Given material ▸
=== Section Start ===

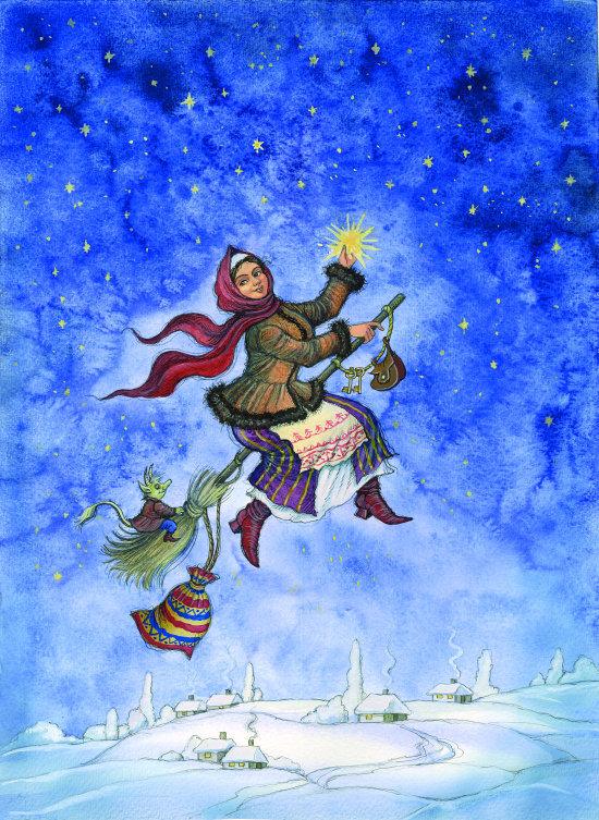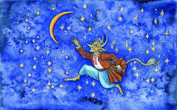 Последний день перед Рождеством прошел. Зимняя, ясная ночь наступила. Глянули звезды. Месяц величаво поднялся на небо посветить добрым людям и всему миру, чтобы всем было весело колядовать[1] и славить Христа. Морозило сильнее, чем с утра; но зато так было тихо, что скрып мороза под сапогом слышался за полверсты. Еще ни одна толпа парубков не показывалась под окнами хат; месяц один только заглядывал в них украдкою, как бы вызывая принаряживавшихся девушек выбежать скорее на скрыпучий снег. Тут через трубу одной хаты клубами повалился дым и пошел тучею по небу, и вместе с дымом поднялась ведьма верхом на метле.
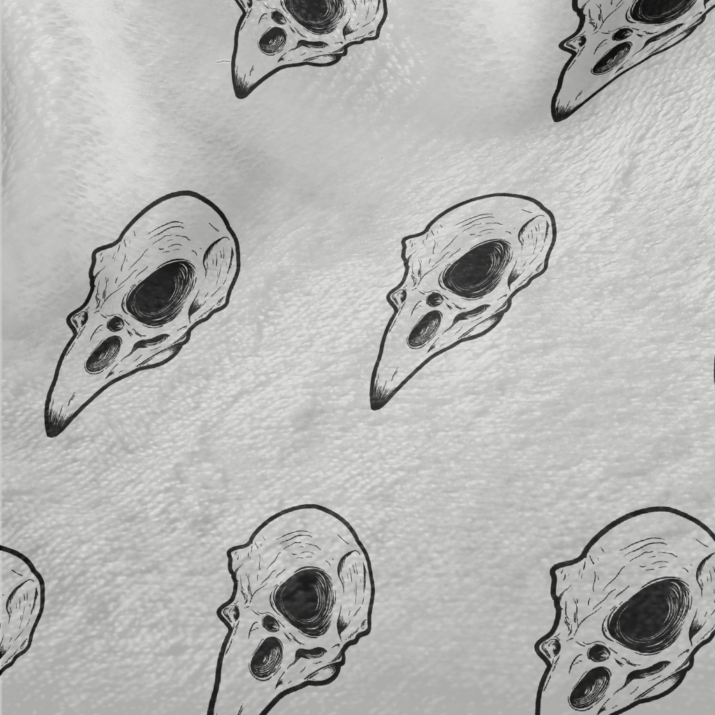 Hand Drawn Bird Skulls Minky
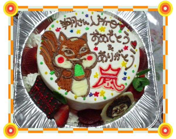お友達とケーキでお祝いしちゃいました♪ 翔さんがリスに似ているので… リスさん&嵐さんマーク(赤) THE SHOW タオルのチョコと Miiの翔さんのチョコ ケーキのデザインは私が考え… いつもお願いしているケーキ屋さんで作ってもらいました♪ ちょと若いころ(10年くらい前)の嵐さんの映像なんかを観ながら… まだ、今みたいに上手にしゃべれないし… 完成されていない感じがたまらなく愛おしい☆☆ 昔の嵐さんは、「ファンが支えてあげなきゃー」的な母性本能をくすぐられる感満載のような… 今の嵐さんは「ファンが支えなくても、世間のみなさんが支えるから大丈夫なんじゃないだろーか?」なんてちょっぴりさみしい気持ちもしないでもない。 …なんてわがままな。 いいんです☆ 彼らの存在自体に…私は支えられているのです♪ 翔さんも10月22日は大切に思っているかな? 今日、17年前のこと思い出したかな? 去年はしやがれが10月22日に放送あって その話してたもんねーー 今日のZEROはちょっとトクベツな気持ちで観ちゃうかもね^^
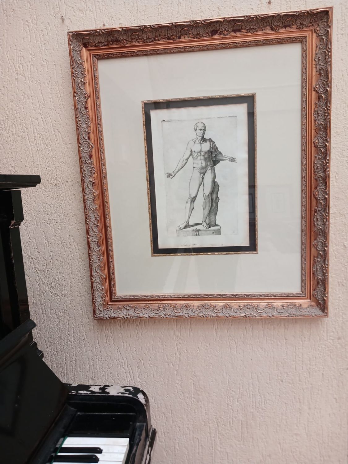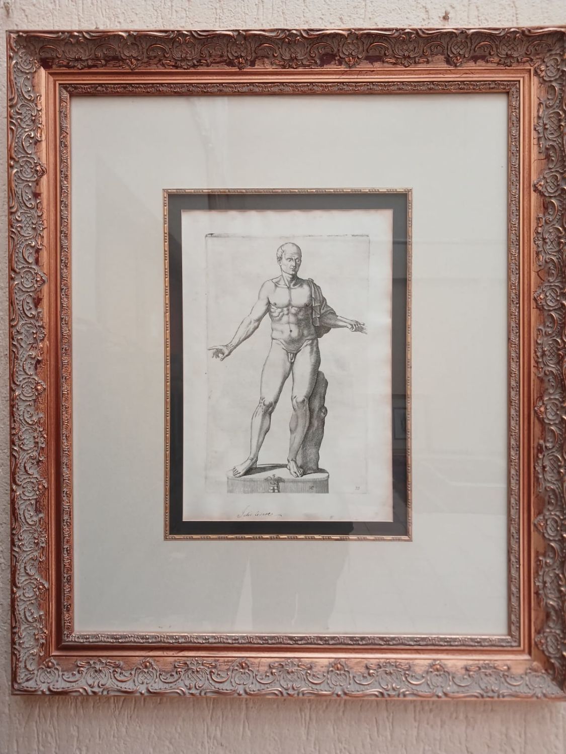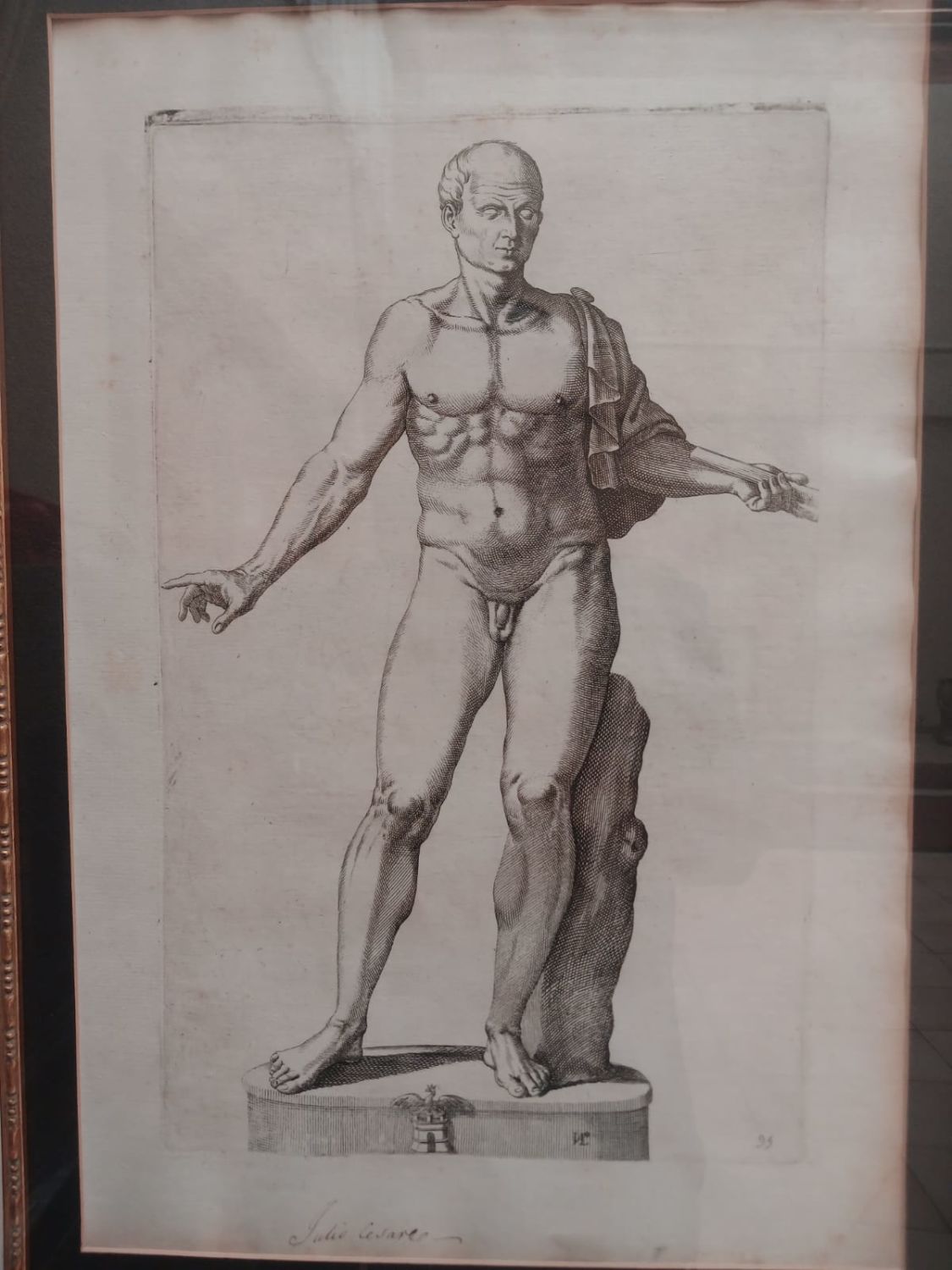The graphic from an engraving by Giovanni Luigi Valesio featuring the statue of Julius Caesar is a captivating piece of art, especially as it is presented in a beautifully gilt frame behind glass. The frame’s dimensions of 83cm x 91cm is sizable enough to command attention on a wall.

=== Section End ===

Brief ▸ Everything from the line holding "お友達とケーキでお祝いしちゃいました♪ 翔さんがリスに似ているので… リスさん&嵐さんマーク(赤)" through the last line of the listing should be written out exactly, except for the pictures.

Result of this task ▸
お友達とケーキでお祝いしちゃいました♪ 翔さんがリスに似ているので… リスさん&嵐さんマーク(赤) THE SHOW タオルのチョコと Miiの翔さんのチョコ ケーキのデザインは私が考え… いつもお願いしているケーキ屋さんで作ってもらいました♪ ちょと若いころ(10年くらい前)の嵐さんの映像なんかを観ながら… まだ、今みたいに上手にしゃべれないし… 完成されていない感じがたまらなく愛おしい☆☆ 昔の嵐さんは、「ファンが支えてあげなきゃー」的な母性本能をくすぐられる感満載のような… 今の嵐さんは「ファンが支えなくても、世間のみなさんが支えるから大丈夫なんじゃないだろーか?」なんてちょっぴりさみしい気持ちもしないでもない。 …なんてわがままな。 いいんです☆ 彼らの存在自体に…私は支えられているのです♪ 翔さんも10月22日は大切に思っているかな? 今日、17年前のこと思い出したかな? 去年はしやがれが10月22日に放送あって その話してたもんねーー 今日のZEROはちょっとトクベツな気持ちで観ちゃうかもね^^
The graphic from an engraving by Giovanni Luigi Valesio featuring the statue of Julius Caesar is a captivating piece of art, especially as it is presented in a beautifully gilt frame behind glass. The frame’s dimensions of 83cm x 91cm is sizable enough to command attention on a wall.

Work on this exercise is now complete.